Germany cannot handle PKK

THE EDITORIAL BOARD
ISTANBUL
Published

The PKK, which is recognized as a terrorist group by the EU and U.S., has been escalating its attacks against Turkish-Germans in Germany, and the federal government's incompetence becomes more apparent with every passing day. Having found no restrictions to its aggression, the PKK naturally has created a space as a non-state actor, bullying Turkish nationals in Germany.

As a group, which it recognizes as a terrorist organization, grows in influence, attracting members and sympathizers, its capacity to project violence increases. Last week, mosques in Frankfurt and Hannover were targeted. Pro-PKK slogans were written on their walls, windows were broken and the outside of the buildings was vandalized with spray paint. PKK supporters were allowed to enter Hannover Airport, where they reached the passenger check-in area to attack those traveling to and from Turkey. They were allowed to wave the flags of a terrorist group, shouting slogans and waving flags. The police stood aside and let it happen.

Germany is now a country where people are afraid to get out of their homes to go to their mosques. Currently, it limits its targets to Germany's Turkish community, which may be the reason behind the tepid response from German law enforcement and politicians, but in the future, other people and groups may not be that lucky.

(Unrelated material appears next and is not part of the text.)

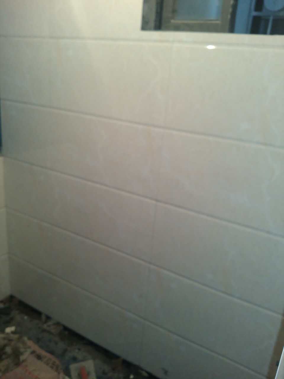墻磚鋪貼,使用水平儀投射水平線,陽(yáng)角處采用磨邊45°碰角工藝。
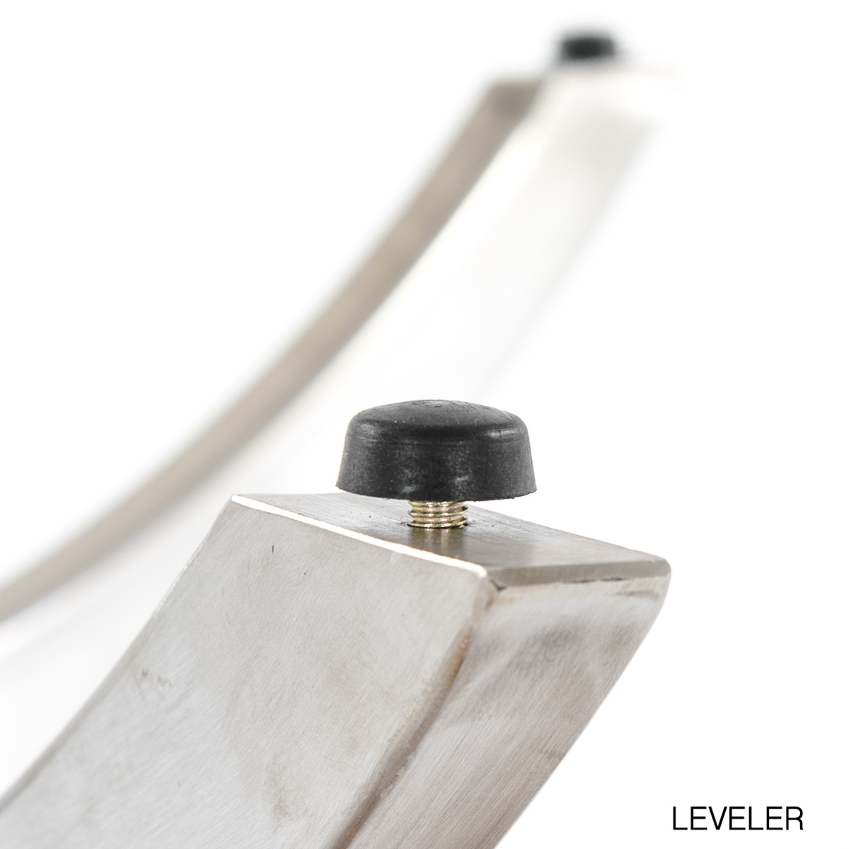 Plastic glides on the stainless steel legs prevent scratches on any surface, indoors or out.

That future may not be too far away. The other day, PKK members attacked a Social Democratic Party (SPD) bureau in the Lower Saxony, announcing that they saw the German economy and politics as an active enabler of "the fascist AKP regime." Just yesterday, a group of PKK members stormed a press briefing by the spokesman of German Chancellor Angela Merkel. The rest of Europe is not immune to such criminal activities. A Turkish community building was attacked last week in Stockholm. Again last week, PKK supporters protesting against Turkey attacked a taxi driver of Turkish descent in Amsterdam.

Europe, and especially Germany, by ignoring the PKK threat, is feeding it. Even German Interior Ministry spokesman Johannes Dimroth's call for action from the German judiciary against these attacks was received with silent inactivity, demonstrating the broader lack of will to fight the terrorist group. This silence is creating anxiety and dread among Turkish officials. Until now, not a single German politician condemned a PKK attack against a Muslim of Turkish descent. Silence in response to violence only encourages such groups. There is no doubt the PKK sees it that way, with its members flouting the law by openly waving flags and other symbols of a terrorist group.

Germany is playing with fire. Dithering while there are fights on German streets will not harm only Turkish-Germans, but also German rule of law. Other terrorist groups will also notice such weaknesses and move to exploit it. Once extremists and racists join in, German streets will no longer be safe to anyone. Still, German leaders, oblivious to the failing law and order, go on playing their violins.